Per vincere le sfide dei nuovi mercati devi lasciarti contaminare da altre esperienza e altri settori. Se decidi crescere, cerca di guardare al di là del tuo settore. Impara ad alzare lo sguardo oltre la siepe, impara a selezionare le informazioni isolandole dal rumore di fondo.

 

REGOLA N.3: SE NON RIESCI A INTERCETTARE PER PRIMO LE RIVOLUZIONI NEL TUO SETTORE, PER LO MENO CERCA DI DIVENTARE UN OTTIMO SECONDO

Innovare è importante ma lo è altrettanto riuscire a garantirsi una crescita solida e sostenibile. Non è sempre così importante essere i primi se si è in grado di fare tesoro degli errori degli altri per migliorare e ripartire. L’importante è non scendere mai dal podio. Se si vuole fare un paragone azzardato, la forza della Germania come Paese non deriva dall’essere sempre prima in qualche settore industriale ma essere seconda in quasi tutti.

 

REGOLA N.4: I GIOVANI TALENTI SONO UNA RISORSA

Sottovalutiamo troppo spesso la necessità di essere una organizzazione attraente non solo per i nostri clienti ma anche per i giovani talenti che dovranno essere valorizzati per attrarre nuove competenze, nuovi modi di approcciare il problema.

 

REGOLA N.5: SII GARANTE DELLA QUALITÀ DELLA TUA RETE

I nostri fornitori parlano di noi, i nostri clienti parlano di noi, i nostri collaboratori parlano di noi. Sempre di più le nostre scelte ci rappresentano e diventiamo garanti della qualità della nostra rete professionale o imprenditoriale. Innovazione, tecnologia e organizzazione non sono altro che conseguenze delle scelte e del nostro modo di rappresentarci.

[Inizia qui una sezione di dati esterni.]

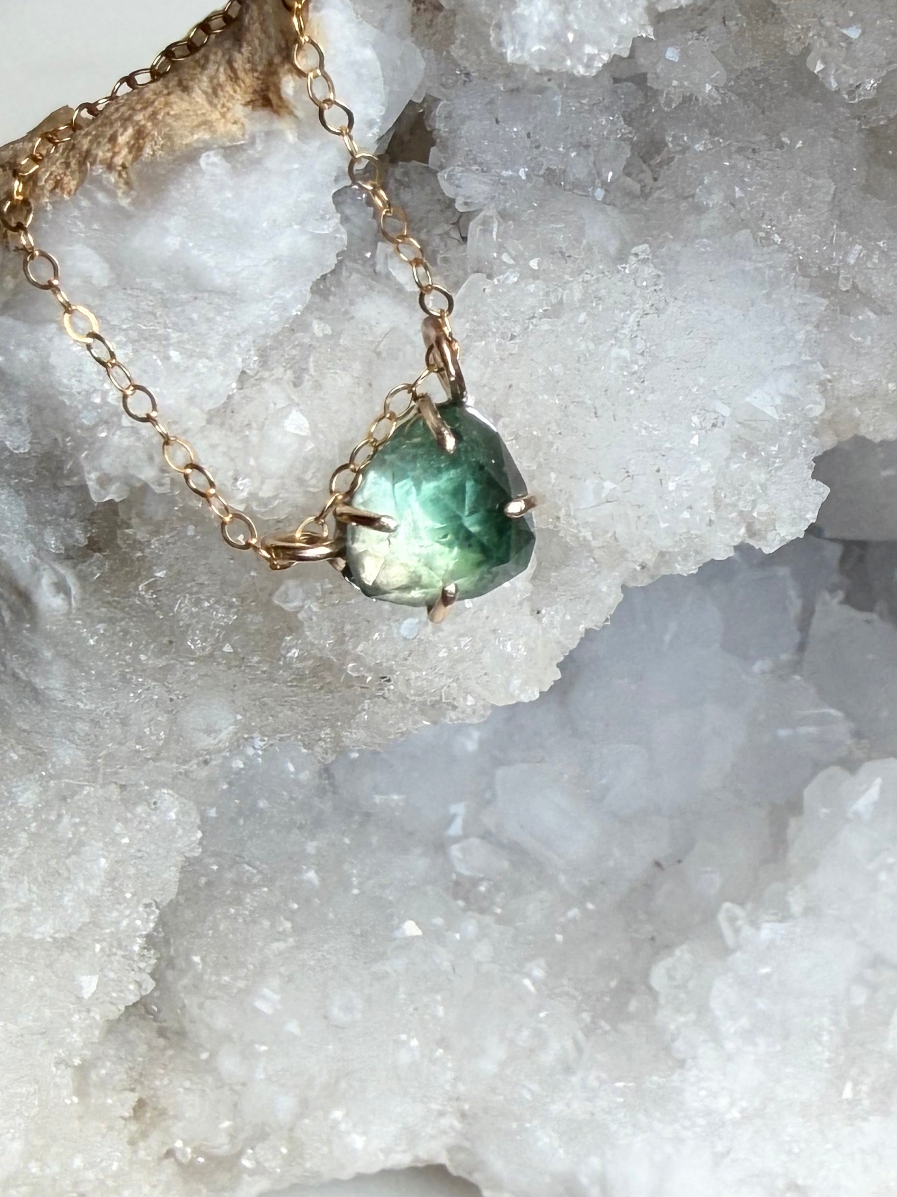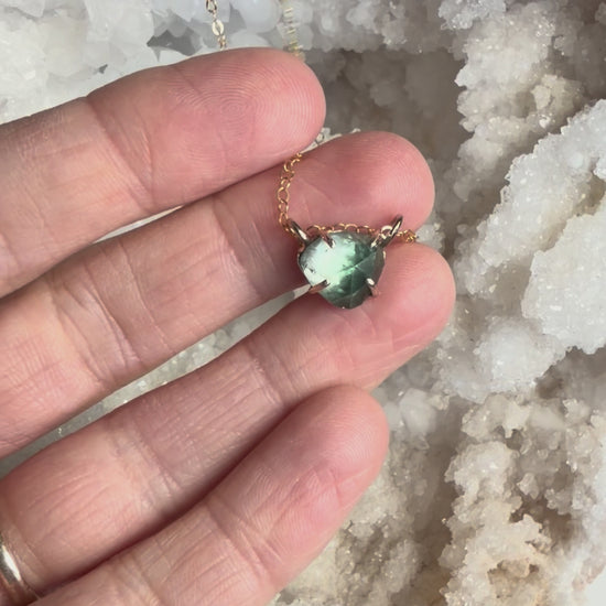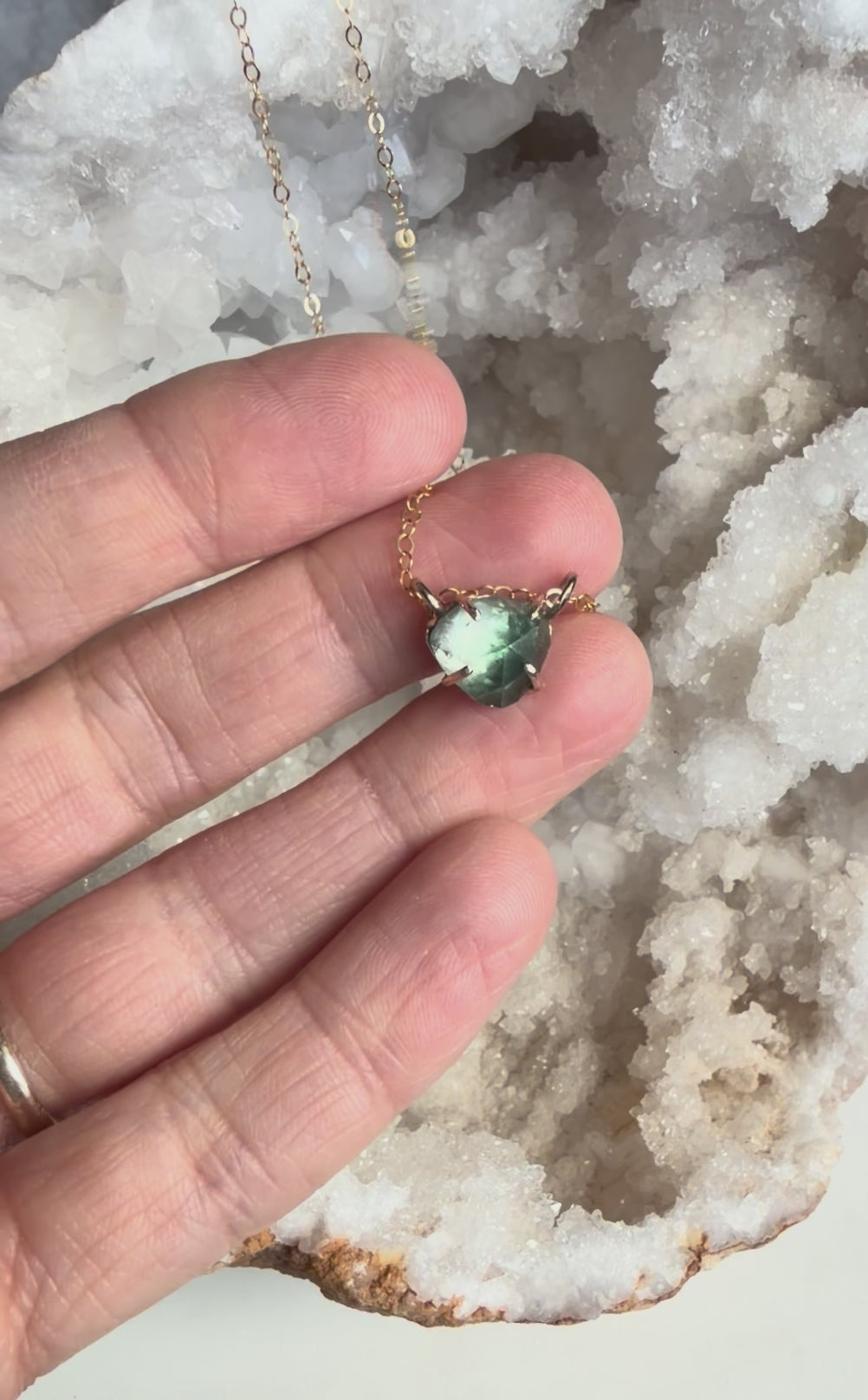 A bright star of a gem, this bicolor rose cut tourmaline is absolutely radiant. Pale on one side and deep green on the other, this piece has such a dynamic personality with its mesmerizing movement and light shifting. A perfect heirloom piece!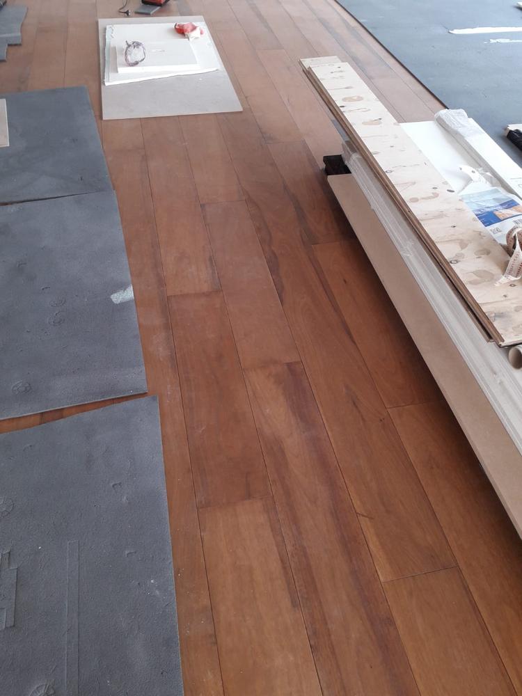 На объекте выполнена укладка паркета, а именно доски из американского ореха, а также выполнена работа по шлифовке паркета и покрытию. Для покрытия была выбрана удачная комбинация – применение спиртового грунтовочного лака Berger UniQuick Primer и двухкомпонентного лака Berger Ceramic Star.

Certo sono regole molto generali ma spesso è importante proprio non restare vincolati ai buoni propositi di fine anno ma riadattare costantemente la nostra strategia in base ai segnali, forti o deboli, che percepiamo intorno a noi.

Per il 2016 è già in cantiere un nuovo importante progetto di cui non voglio anticipare nulla ma che rappresenta certamente una bella opportunità per i professionisti che ne faranno parte. Obiettivo è investire sul confronto per facilitare il lavoro all’interno dei nostri studi.

È una strada che siamo felici di percorrere, cercando di essere sempre coerenti con noi stessi, insieme agli amici, autori e lettori, di MySolution Post a cui facciamo i nostri migliori auguri di buone feste.